FOMO Corp. Board Resolution Approving Conditional 1-for-10 Reverse Stock Split
FOMO Corp.'s Board of Directors has approved a 1-for-10 reverse split of its Series A, B, and C Preferred Stock and Common Stock, pending certain conditions. The reverse split will not change the conversion ratios for preferred shares, ensuring all shareholder positions are adjusted equally. The split will only proceed after the company secures over $3 million in financing or commitments, completes a profitable merger or acquisition, and at least six months have passed since the later of these events. The resolution authorizes company officers to take necessary actions to implement these decisions.
Exhibit 10.1
RESOLUTIONS OF THE BOARD OF DIRECTORS OF FOMO CORP.
Pursuant to the provisions of California Corporation law, as amended, and the Certificate of Incorporation and By-Laws of FOMO CORP., a California corporation (the “Company”), the Board of Directors, pending milestones for financing and closing of accretive mergers and acquisitions, hereby approves a reverse split of the Company’s Series A Preferred Stock, Series B Preferred Stock, Series C Preferred Stock and Common stock at a ratio of 1-10 (one share for every ten shares of each respective class).

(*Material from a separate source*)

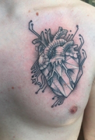 心脏位置纹身 男生胸部黑色的心脏纹身图片

In the event of such a corporate action, the conversion ratios for all Preferred Stock classes shall remain unchanged so that shareholder positions of all classes are equally adjusted. No reverse split shall be filed with FINRA until the Company has obtained financing or firm commitments for financing of greater than three million dollars ($3,000,000), has closed a profitable strategic merger/acquisition, and at least six months have elapsed from the later of the closing of the financing or the closing of the acquisition (FINRA’s review process for such corporate actions typically takes 30-60 days from the date of filing). It is anticipated that the recently announced Agreement to acquire EcoLite Holdings, LLC and required cash needs meets these criteria. The foregoing resolution was unanimously approved by the Board of Directors of the Company effective 2:00pm CT January 15, 2021.
WHEREAS, to facilitate the conduct of business, the Board of Directors of the Company believes it is in the best interests of FOMO CORP., pending milestones for financing and closing of accretive mergers and acquisitions, to approve a reverse split of the Company’s Series A Preferred Stock, Series B Preferred Stock, Series C Preferred Stock and Common stock at a ratio of 1-10 (one share for every ten shares of each respective class). In the event of such a corporate action, the conversion ratios for all Preferred Stock classes shall remain unchanged so that shareholder positions of all classes are equally adjusted. No reverse split shall be filed with FINRA until the Company has obtained financing or firm commitments for financing of greater than three million dollars ($3,000,000), has closed a profitable strategic merger/acquisition, and at least six months have elapsed from the later of the closing of the financing or the closing of the acquisition (FINRA’s review process for such corporate actions typically takes 30-60 days from the date of filing). It is anticipated that the recently announced Agreement to acquire EcoLite Holdings, LLC and required cash needs meets these criteria.
NOW THEREFORE BE IT RESOLVED THAT:
RESOLVED, that the Board of Directors, pending milestones for financing and closing of accretive mergers and acquisitions, hereby approves a reverse split of the Company’s Series A Preferred Stock, Series B Preferred Stock, Series C Preferred Stock and Common stock at a ratio of 1-10 (one share for every ten shares of each respective class). In the event of such a corporate action, the conversion ratios for all Preferred Stock classes shall remain unchanged so that shareholder positions of all classes are equally adjusted. No reverse split shall be filed with FINRA until the Company has obtained financing or firm commitments for financing of greater than three million dollars ($3,000,000), has closed a profitable strategic merger/acquisition, and at least six months have elapsed from the later of the closing of the financing or the closing of the acquisition (FINRA’s review process for such corporate actions typically takes 30-60 days from the date of filing). It is anticipated that the recently announced Agreement to acquire EcoLite Holdings, LLC and required cash needs meets these criteria.
RESOLVED, that any of the Executive Officers of the Company are hereby authorized and directed for and on behalf of the Company to do and perform all acts and things and execute and deliver all documents and take all such other steps as may be necessary or desirable to give full effect to the consent resolutions set forth above.